I sigh. “Please tell Wesley the whistleblower I don’t appreciate him being a snitch.”
That thumb continues to stroke back and forth, back and forth, coaxing me into a dreamy existence.
“You can cry in front of me, Ollie. I won’t hold it against you.”
I drag his scent deeper into my lungs. “I’m not sure I know how anymore.”
“Why is that?”
I shrug, my feet shuffling in incremental movements. “Growing up surrounded by death made for some pretty emotional times. I’d finish school only to return home to a place filled with mourning.”
It was hard. I couldn’t burst through the front doors of my parents’ work with news of good grades or achievement awards in case they were consoling someone. On the flip side, I couldn’t get upset when they were organizing a funeral that I found devastating—like that of a young mother, or a kid my age. Having some random girl blubber about a stranger’s hardships would only make things harder for clients.
“I had to learn how to mask sadness,” I admit.
He continues to rub comforting strokes with his thumb, swaying us gently.
“My mom told me the most important role of the family business was not only to provide an honorable farewell to our decedents, but to provide comfort to those who were suffering… We don’t cry.” I repeat the words she spoke so many times. “We have to be strong. Always.”
I can still hear her voice in my head. The soft cadence. The compassionate tone.
“I wanted so badly to become an unbreakable force of nature like her that I stopped crying altogether. I can’t remember shedding a single tear during my teenage years. And my most recent case wasn’t even an emotional reaction. It was when I moved houses and tripped while holding a thin glass vase. It shattered and stabbed me straight in the chest.”
I lean back and make the mistake of pointing to the small, faded scar above my left breast.
His attention follows my finger, the hard flex of his jaw making my skin burn.
He clears his throat. “That tracks. You’re pretty lethal with a vase.”
I grin. “You should see me with a scalpel.”
“No, thanks. I’m already having a hard time controlling my lust.” He leans in, surprising me with a chaste kiss to my forehead. A chaste kiss that sizzles right through me, scorching every organ I possess. “Your mom sounds like a wonderful woman.”
“She was.” I breathe through all the sizzling. The heart palpitations and undeniable chemistry, too. “Do you speak to yours often? I know the relationship with your dad was… troubled, but what about your mom?”

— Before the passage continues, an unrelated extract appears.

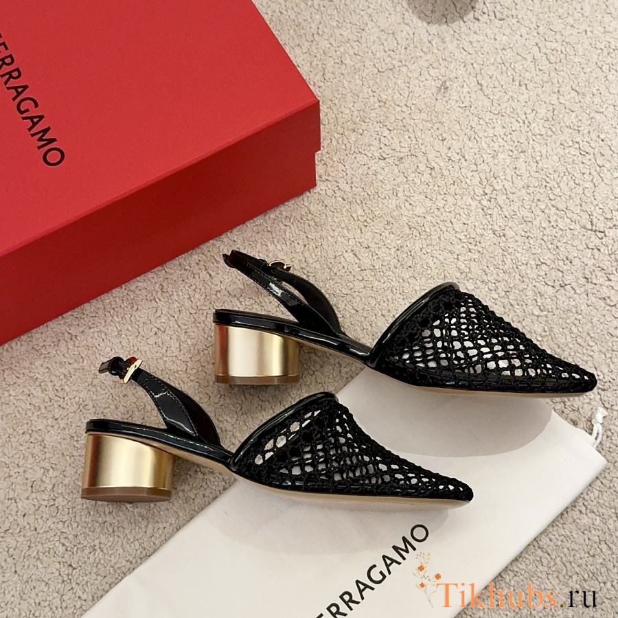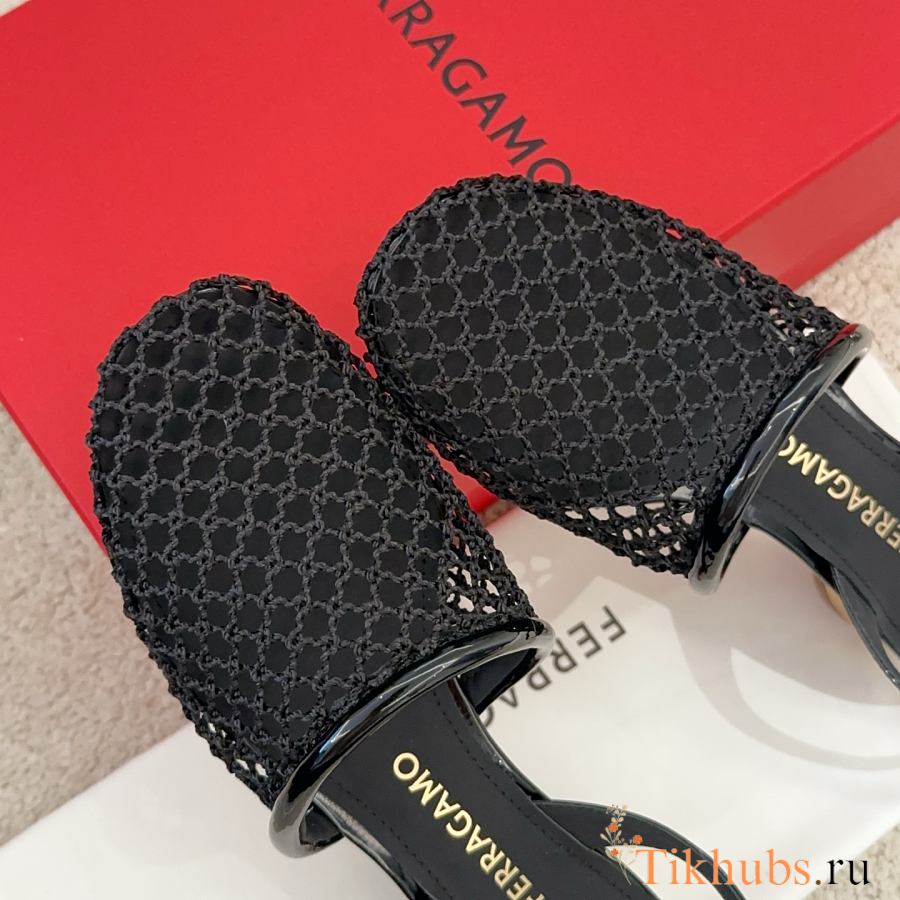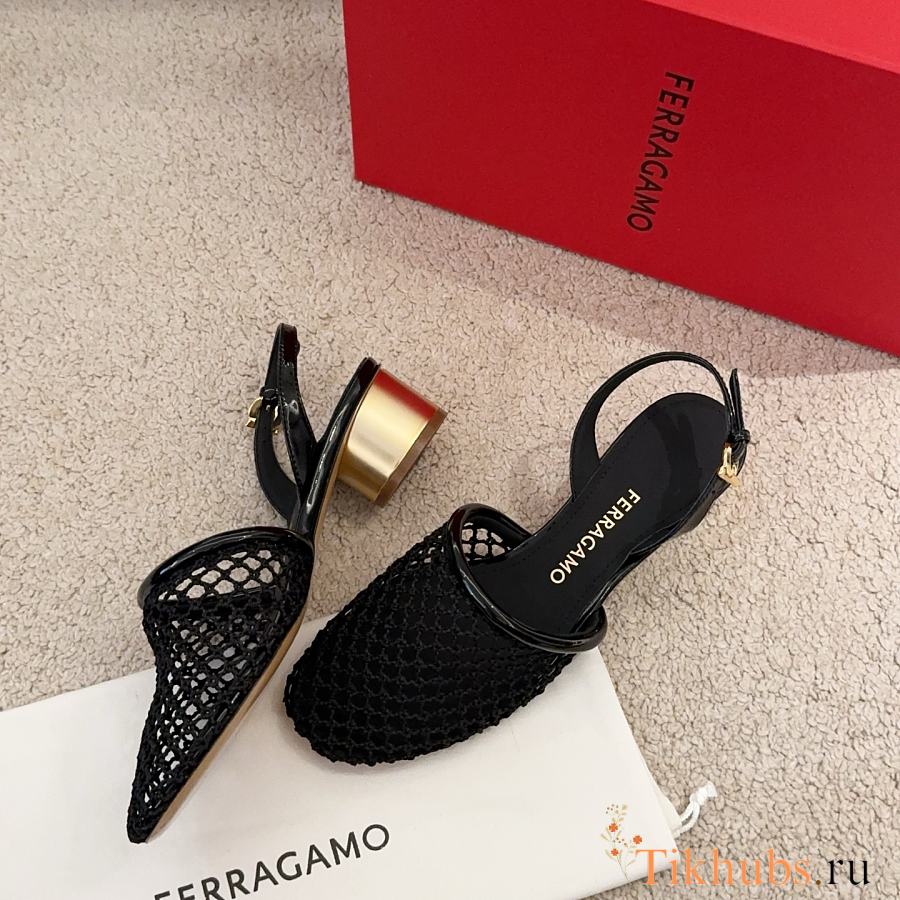 Ferragamo Mesh Slingback Black 4cm

He pivots us slightly, sending us swaying in the opposite direction. “We’re not much for talking. Her teaming up with my father in the whole offspring murder plot kinda put a dampener on our relationship. And besides, she hasn’t been allowed a lot of call time since being imprisoned in the basement of one of Lorenzo’s mansions.”
I stop moving, shock rendering me immobile.

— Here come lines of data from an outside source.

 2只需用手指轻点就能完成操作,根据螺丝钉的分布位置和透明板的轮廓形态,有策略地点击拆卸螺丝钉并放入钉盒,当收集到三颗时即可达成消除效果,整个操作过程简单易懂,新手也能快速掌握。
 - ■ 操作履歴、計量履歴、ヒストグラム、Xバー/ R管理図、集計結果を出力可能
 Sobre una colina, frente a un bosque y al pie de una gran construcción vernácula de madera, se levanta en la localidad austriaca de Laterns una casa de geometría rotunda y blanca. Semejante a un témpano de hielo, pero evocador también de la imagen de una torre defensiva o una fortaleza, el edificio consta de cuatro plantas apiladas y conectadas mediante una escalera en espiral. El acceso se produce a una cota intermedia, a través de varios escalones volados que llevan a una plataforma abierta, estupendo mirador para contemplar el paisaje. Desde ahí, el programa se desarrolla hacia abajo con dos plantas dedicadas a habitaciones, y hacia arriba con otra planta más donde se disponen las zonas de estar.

“Keep dancing, Ollie.” He guides me back into movement. “It’s not a big deal.”
“Not a big deal?” I struggle to fathom the complexity of his life. “Every time you talk about your family I don’t think it can get any worse.”
“It’s not my family—only my parents. My siblings and I stuck together as best we could.”
“Remy, your brother stabbed you.”
He hits me with a devilish grin. “Yeah, but I did have a gun held to the woman he loves.”
“What?” I gape. “Why?”
“It’s a long story. One that isn’t meant for a night like this.”
I nod, appreciating that he’s shared insight into his life at all. “Isn’t it dangerous for you to tell me as much as you do? It’s incriminating.”
“It is. So do me a solid and quit being someone I want to share my secrets with.”
My breath stalls in my lungs, my vulnerability toward his statement cut short by a chair scraping behind us.